Il n'est pas facile d'être compositeur en 2015. Mais quand, à 30 ans, on reçoit le prix Opus du compositeur de l'année, quand l'Orchestre symphonique de Montréal ainsi que Pierre Boulez nous commandent des oeuvres, quand Kent Nagano dirige nos pièces sur un premier disque, on peut dire que tout va bien.

Après des années de travail, le destin sourit à Samy Moussa, dont la dernière composition pour orchestre, Nocturne, est créée cette semaine lors d'un concert à l'OSM.

Dans son discours de remerciement au gala des prix Opus, il y a quelques semaines, ce natif de Montréal déclarait s'être exilé en Allemagne en 2007 parce qu'il croyait ne pas pouvoir réussir ici. Huit ans plus tard, il considère qu'il a eu raison de partir, même s'il se trompait sur les raisons qui l'ont poussé à le faire.

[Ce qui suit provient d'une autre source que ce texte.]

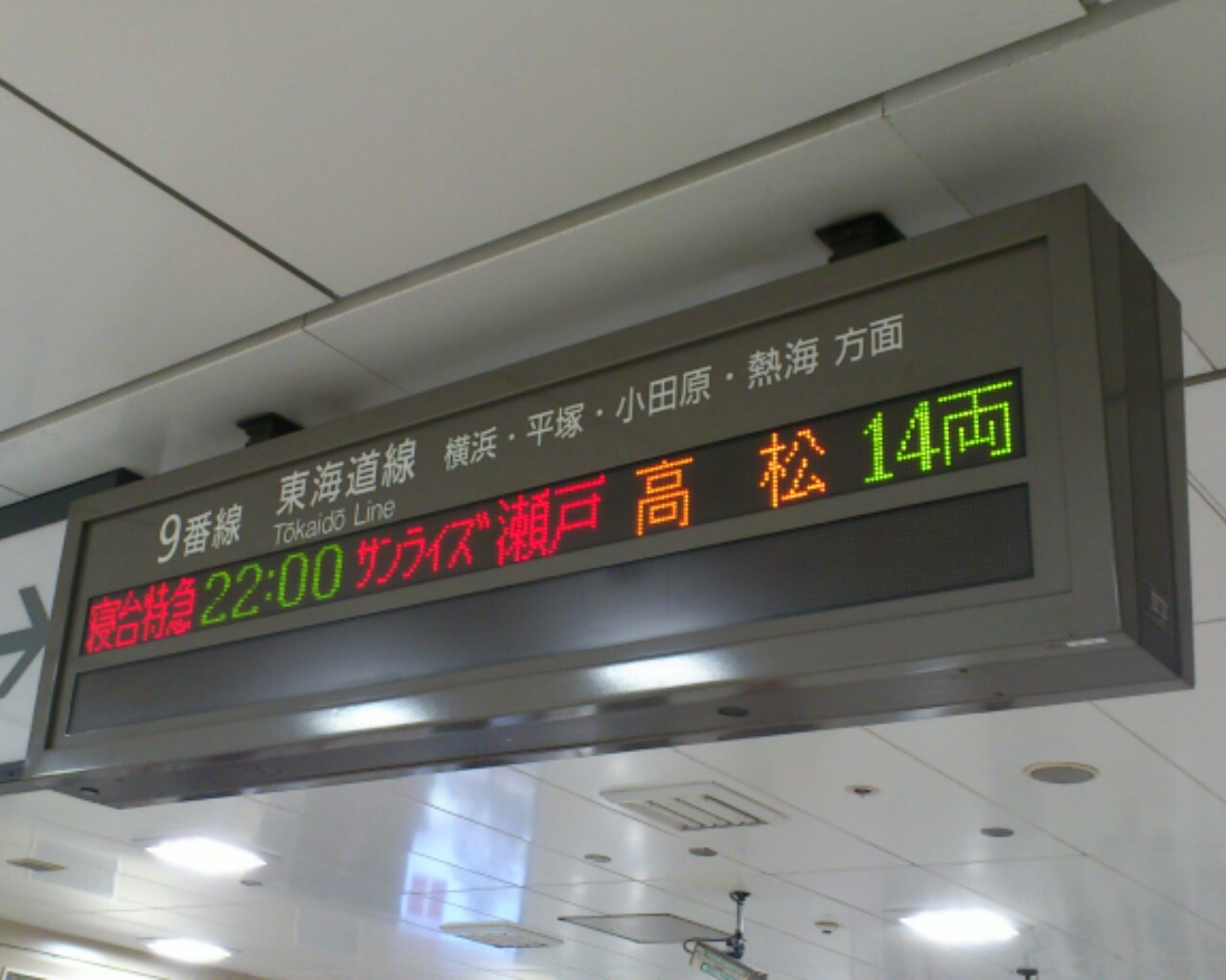 サンライズ瀬戸は、東京駅の9番ホームからの出発です。

«J'étais jeune et j'avais l'impression que personne ne se préoccupait de moi, dit-il. Je pensais que ce serait toujours comme ça. Je n'arrivais pas à imaginer que l'on peut se construire un réseau. J'ai eu tort sur ce point.

«Mais j'ai eu raison de partir, parce qu'en Europe, il y a plus de possibilités, et des orchestres partout. Un compositeur, ce n'est pas quelque chose d'aussi rare qu'ici. Il fallait que je passe par là [l'Europe] pour ma carrière et pour créer les oeuvres que je voulais.»

Rencontre avec Nagano

Après son baccalauréat en composition à l'Université de Montréal, Samy Moussa est parti étudier à Munich. Depuis, il a accompli plus qu'il ne l'avait imaginé. En 2008, il a rencontré Kent Nagano alors que ce dernier était encore directeur artistique de l'Opéra d'État de Bavière.

«Il a entendu un enregistrement de mes oeuvres et ça lui a plu. Il m'a commandé deux pièces qui ont été créées par l'OSM en 2009.»

L'OSM lui commandait de nouveau une oeuvre, A Globe Itself Infolding, pour les concerts d'inauguration du Grand Orgue Pierre-Béique, en juin dernier.

Enregistrement

Son premier album de compositions a été lancé le 10 février. L'enregistrement, réalisé par la maison de disques autrichienne Col legno, a été financé par la riche Fondation de musique Ernst von Siemens.

Chaque année, cette fondation remet un prix principal de 250 000 euros à une personnalité du monde de la musique pour l'ensemble de sa contribution - la liste des anciens lauréats comprend Benjamin Britten, Leonard Bernstein et Anne-Sophie Mutter - ainsi que des prix d'encouragement à de jeunes compositeurs.

Samy Moussa a été l'un des trois lauréats dans cette catégorie en 2013, ce qui lui a valu une bourse de 35 000 euros et la production de ce premier album. Ce dernier a été enregistré avec l'Orchestre symphonique de la radio de Vienne, que Moussa a dirigé lui-même, et l'Orchestre symphonique allemand de Berlin, sous la direction de Kent Nagano, pour trois des pièces.

L'avenir s'annonce aussi prometteur pour Samy Moussa. Cet été, une nouvelle oeuvre pour orchestre, commandée par nul autre que le grand Pierre Boulez, sera créée au prestigieux Festival de Lucerne à l'occasion d'un concert pour le 80e anniversaire du célèbre compositeur et chef d'orchestre.

«Je suis très honoré, car Pierre Boulez a été mon idole de jeunesse. Il représente l'idéal du musicien éthique, bâtisseur d'institutions, à la fois compositeur et chef. Le phénomène du compositeur-chef, pour moi, est quelque chose qui doit continuer à exister. C'est ce que j'aspire à être», dit Samy Moussa.

Au programme du même concert, on entendra le Concerto pour piano no1 de Brahms interprété par Emanuel Ax, ainsi que la Symphonie no 5 de Mendelssohn.